EXERCISE PROMPT:
Set down the data below word for word, and leave the images aside.

INFORMATION SHOWN:
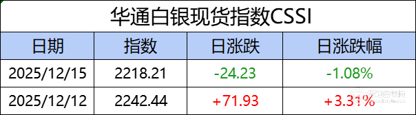 华通白银现货指数CSSI走势日报,今日指数2218.21,日涨跌-24.23,日涨跌幅-1.08%
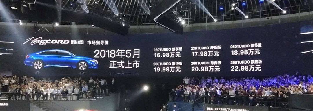 2018年开年最重磅的新品——第十代雅阁在4月16日正式公布售价,共推出六款车型,售价16.98-22.98万元,新车目前全面接受预定,5月正式上市,同时混动版将在北京车展上首秀,预计今年第三季度正式上市。
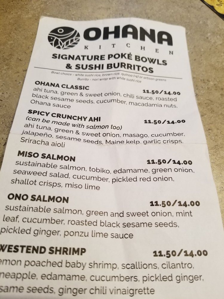 Ohana Kitchen is a restaurant that offers delicious and fresh poke bowls, as well as unique dishes like ahi tuna nachos and sushi burritos. The staff, especially in the Exeter store, is known for being friendly and making each order perfect every time. Regular customers appreciate the quick and easy ordering process, whether online or over the phone. They enjoy the fresh ingredients used in the dishes, such as rice and pineapple, which enhance the flavors of the bowls. The portions are generous for the price, and the fish in dishes like the ahi tuna nachos is plentiful. Customers also praise the great vegan options, including tofu for protein. The restaurant has a welcoming atmosphere, and the manager goes out of their way to ensure customers are satisfied. They train and assist new employees, and even during busy nights, the manager checks in with customers to ensure they are doing well. Ohana Kitchen is a solid option for a good, quick bite, and many customers order to-go. With a commitment to fresh ingredients and attentive service, it offers a delightful dining experience. The Ohana 30 sauce is noted as a game changer, making the meals even more delicious.
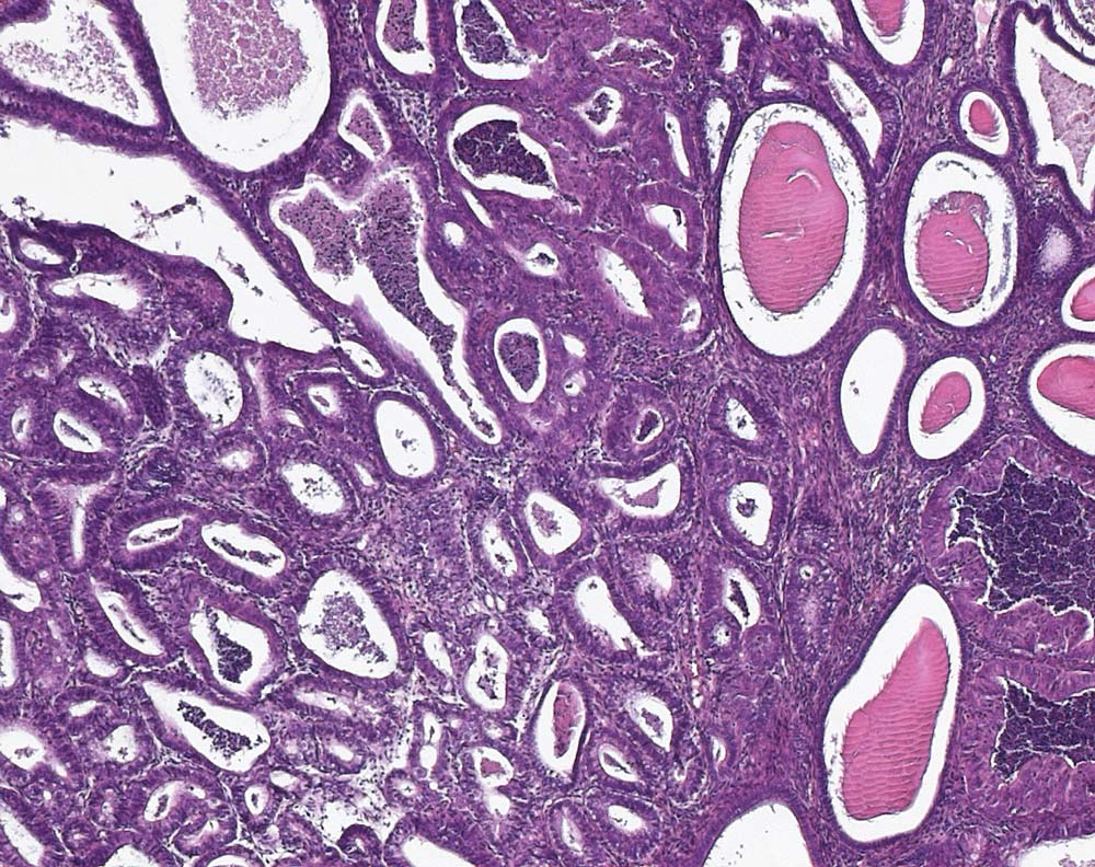Endometriale intraepitheliale Neoplasie: Umschriebener Herd sehr dicht beeinanderliegender Endometriumdrüsen ausgekleidet von atypischem Epithel, welches sich zytologisch deutlich vom Epithel der nicht neoplastisch transformierten Drüsen unterscheidet. Im Gegensatz zum endometrioiden Adenokarzinom ist zwischen den Drüsen der EIN noch wenig Stroma erkennbar.

ANSWER TO THE EXERCISE:
 华通白银现货指数CSSI走势日报,今日指数2218.21,日涨跌-24.23,日涨跌幅-1.08%
 2018年开年最重磅的新品——第十代雅阁在4月16日正式公布售价,共推出六款车型,售价16.98-22.98万元,新车目前全面接受预定,5月正式上市,同时混动版将在北京车展上首秀,预计今年第三季度正式上市。
 Ohana Kitchen is a restaurant that offers delicious and fresh poke bowls, as well as unique dishes like ahi tuna nachos and sushi burritos. The staff, especially in the Exeter store, is known for being friendly and making each order perfect every time. Regular customers appreciate the quick and easy ordering process, whether online or over the phone. They enjoy the fresh ingredients used in the dishes, such as rice and pineapple, which enhance the flavors of the bowls. The portions are generous for the price, and the fish in dishes like the ahi tuna nachos is plentiful. Customers also praise the great vegan options, including tofu for protein. The restaurant has a welcoming atmosphere, and the manager goes out of their way to ensure customers are satisfied. They train and assist new employees, and even during busy nights, the manager checks in with customers to ensure they are doing well. Ohana Kitchen is a solid option for a good, quick bite, and many customers order to-go. With a commitment to fresh ingredients and attentive service, it offers a delightful dining experience. The Ohana 30 sauce is noted as a game changer, making the meals even more delicious.
Endometriale intraepitheliale Neoplasie: Umschriebener Herd sehr dicht beeinanderliegender Endometriumdrüsen ausgekleidet von atypischem Epithel, welches sich zytologisch deutlich vom Epithel der nicht neoplastisch transformierten Drüsen unterscheidet. Im Gegensatz zum endometrioiden Adenokarzinom ist zwischen den Drüsen der EIN noch wenig Stroma erkennbar.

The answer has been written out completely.